** What is expected **
Print every entry, word for word, and skip the images.

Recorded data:
☆ ☆ ☆

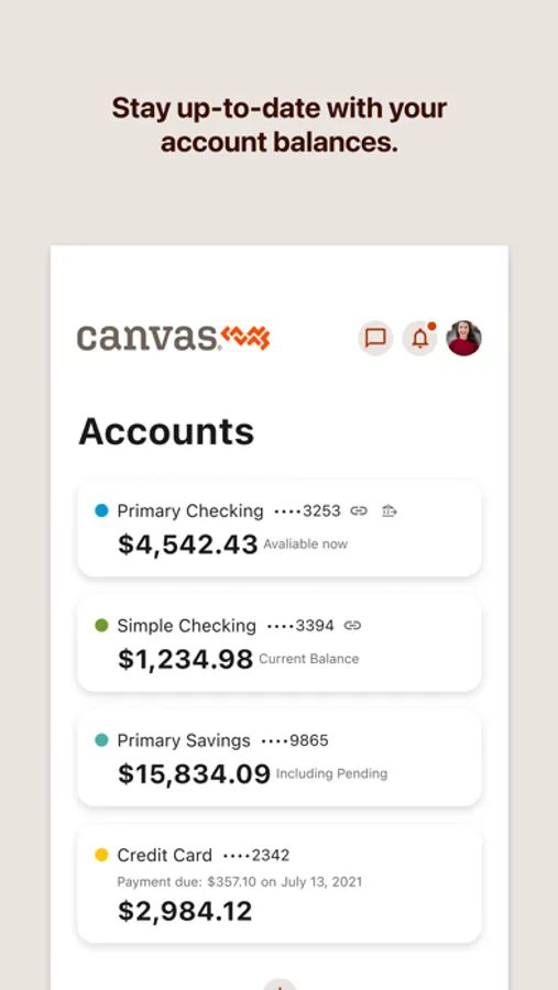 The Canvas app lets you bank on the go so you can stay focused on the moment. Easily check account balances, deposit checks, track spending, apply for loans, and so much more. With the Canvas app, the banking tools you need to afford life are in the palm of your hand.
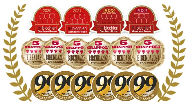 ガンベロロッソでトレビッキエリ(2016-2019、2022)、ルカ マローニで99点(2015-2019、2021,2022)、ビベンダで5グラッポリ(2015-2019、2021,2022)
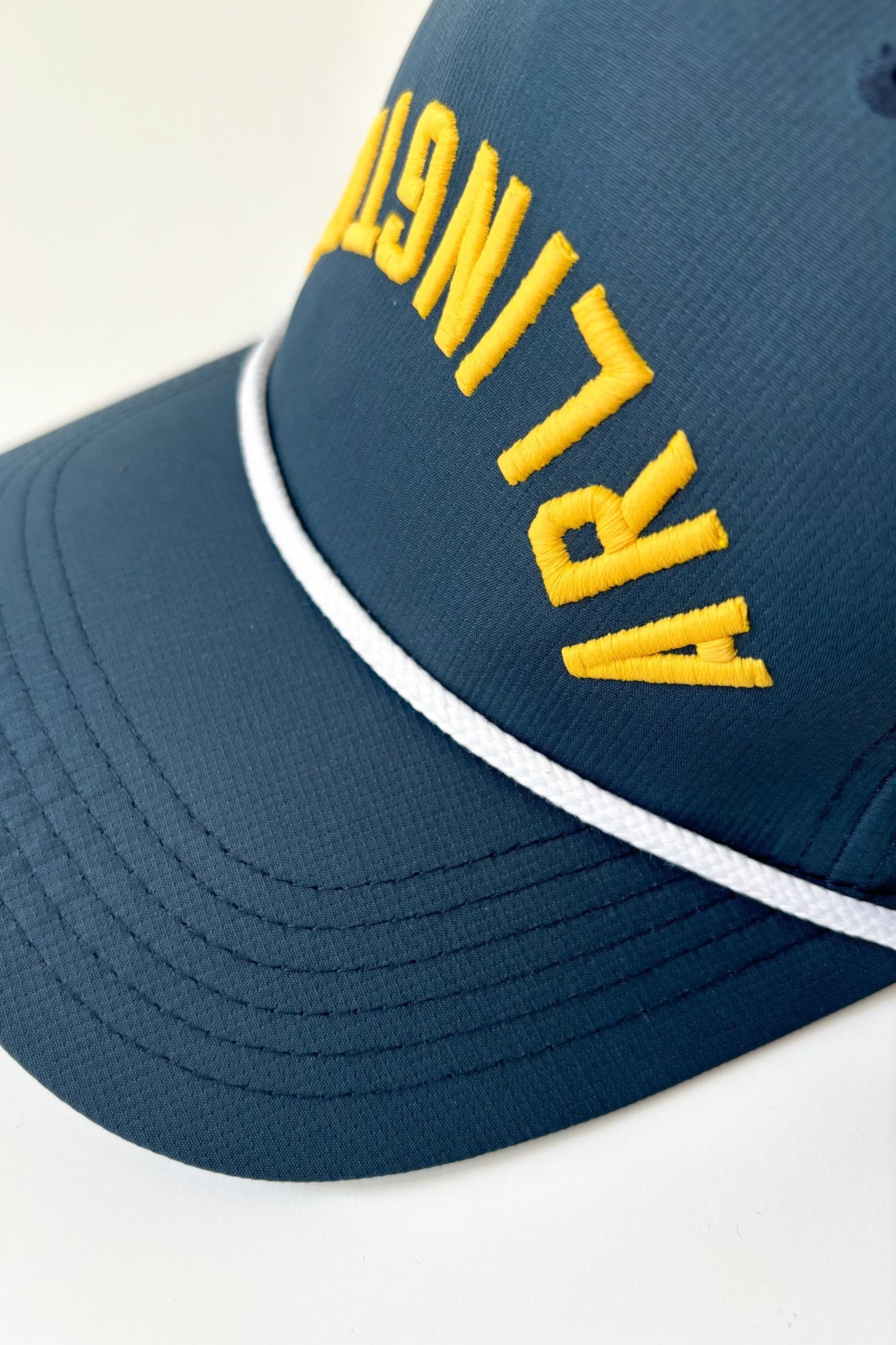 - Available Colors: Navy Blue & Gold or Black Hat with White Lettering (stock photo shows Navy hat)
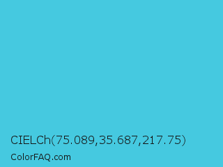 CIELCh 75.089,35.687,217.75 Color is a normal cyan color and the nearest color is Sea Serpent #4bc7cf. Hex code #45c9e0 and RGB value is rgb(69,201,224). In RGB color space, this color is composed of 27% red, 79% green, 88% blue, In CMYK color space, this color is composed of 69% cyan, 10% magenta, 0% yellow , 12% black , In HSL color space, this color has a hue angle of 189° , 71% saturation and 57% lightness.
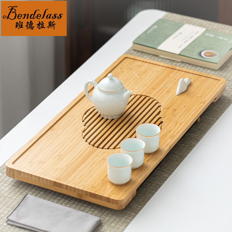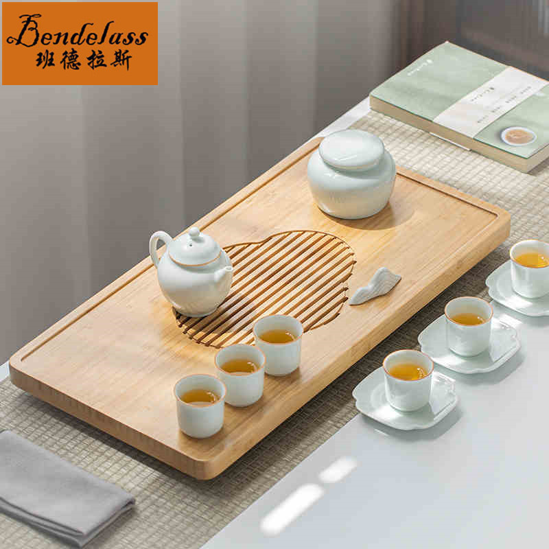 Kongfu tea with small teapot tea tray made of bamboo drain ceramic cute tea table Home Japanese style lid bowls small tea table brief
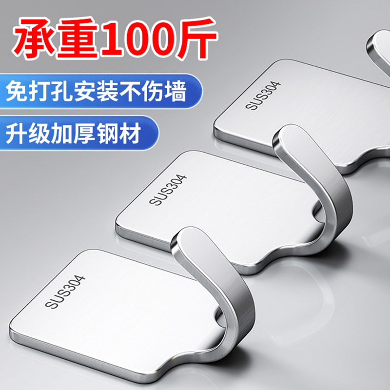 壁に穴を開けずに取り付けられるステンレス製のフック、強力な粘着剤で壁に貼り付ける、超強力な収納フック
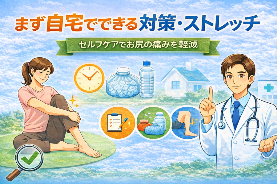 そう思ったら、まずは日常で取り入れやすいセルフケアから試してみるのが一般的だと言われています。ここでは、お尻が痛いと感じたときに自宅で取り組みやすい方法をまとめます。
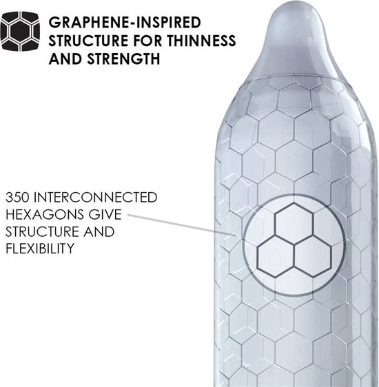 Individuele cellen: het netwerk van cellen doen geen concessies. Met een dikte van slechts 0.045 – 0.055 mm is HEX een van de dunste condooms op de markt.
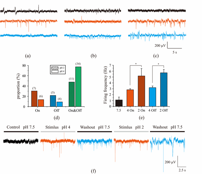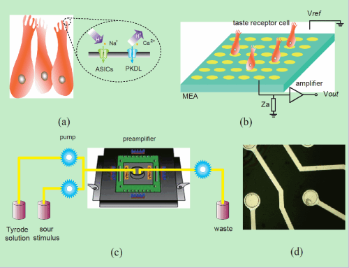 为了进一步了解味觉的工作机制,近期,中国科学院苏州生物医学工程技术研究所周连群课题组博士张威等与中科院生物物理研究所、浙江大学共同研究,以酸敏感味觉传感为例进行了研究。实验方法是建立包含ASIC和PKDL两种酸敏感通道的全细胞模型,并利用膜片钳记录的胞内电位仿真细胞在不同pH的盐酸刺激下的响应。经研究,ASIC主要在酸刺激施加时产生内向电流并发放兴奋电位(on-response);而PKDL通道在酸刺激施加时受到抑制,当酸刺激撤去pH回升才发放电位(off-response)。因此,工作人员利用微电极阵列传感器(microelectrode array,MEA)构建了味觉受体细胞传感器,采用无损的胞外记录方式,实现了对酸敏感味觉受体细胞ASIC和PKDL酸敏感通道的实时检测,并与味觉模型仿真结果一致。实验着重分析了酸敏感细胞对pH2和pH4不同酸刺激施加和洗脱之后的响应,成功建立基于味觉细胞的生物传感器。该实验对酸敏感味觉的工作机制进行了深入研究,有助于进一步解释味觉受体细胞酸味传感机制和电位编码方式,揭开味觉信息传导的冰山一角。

☆ ☆ ☆

** Response for this exercise **
 The Canvas app lets you bank on the go so you can stay focused on the moment. Easily check account balances, deposit checks, track spending, apply for loans, and so much more. With the Canvas app, the banking tools you need to afford life are in the palm of your hand.
 ガンベロロッソでトレビッキエリ(2016-2019、2022)、ルカ マローニで99点(2015-2019、2021,2022)、ビベンダで5グラッポリ(2015-2019、2021,2022)
 - Available Colors: Navy Blue & Gold or Black Hat with White Lettering (stock photo shows Navy hat)
 CIELCh 75.089,35.687,217.75 Color is a normal cyan color and the nearest color is Sea Serpent #4bc7cf. Hex code #45c9e0 and RGB value is rgb(69,201,224). In RGB color space, this color is composed of 27% red, 79% green, 88% blue, In CMYK color space, this color is composed of 69% cyan, 10% magenta, 0% yellow , 12% black , In HSL color space, this color has a hue angle of 189° , 71% saturation and 57% lightness.
 Kongfu tea with small teapot tea tray made of bamboo drain ceramic cute tea table Home Japanese style lid bowls small tea table brief
 壁に穴を開けずに取り付けられるステンレス製のフック、強力な粘着剤で壁に貼り付ける、超強力な収納フック
 そう思ったら、まずは日常で取り入れやすいセルフケアから試してみるのが一般的だと言われています。ここでは、お尻が痛いと感じたときに自宅で取り組みやすい方法をまとめます。
 Individuele cellen: het netwerk van cellen doen geen concessies. Met een dikte van slechts 0.045 – 0.055 mm is HEX een van de dunste condooms op de markt.
 为了进一步了解味觉的工作机制,近期,中国科学院苏州生物医学工程技术研究所周连群课题组博士张威等与中科院生物物理研究所、浙江大学共同研究,以酸敏感味觉传感为例进行了研究。实验方法是建立包含ASIC和PKDL两种酸敏感通道的全细胞模型,并利用膜片钳记录的胞内电位仿真细胞在不同pH的盐酸刺激下的响应。经研究,ASIC主要在酸刺激施加时产生内向电流并发放兴奋电位(on-response);而PKDL通道在酸刺激施加时受到抑制,当酸刺激撤去pH回升才发放电位(off-response)。因此,工作人员利用微电极阵列传感器(microelectrode array,MEA)构建了味觉受体细胞传感器,采用无损的胞外记录方式,实现了对酸敏感味觉受体细胞ASIC和PKDL酸敏感通道的实时检测,并与味觉模型仿真结果一致。实验着重分析了酸敏感细胞对pH2和pH4不同酸刺激施加和洗脱之后的响应,成功建立基于味觉细胞的生物传感器。该实验对酸敏感味觉的工作机制进行了深入研究,有助于进一步解释味觉受体细胞酸味传感机制和电位编码方式,揭开味觉信息传导的冰山一角。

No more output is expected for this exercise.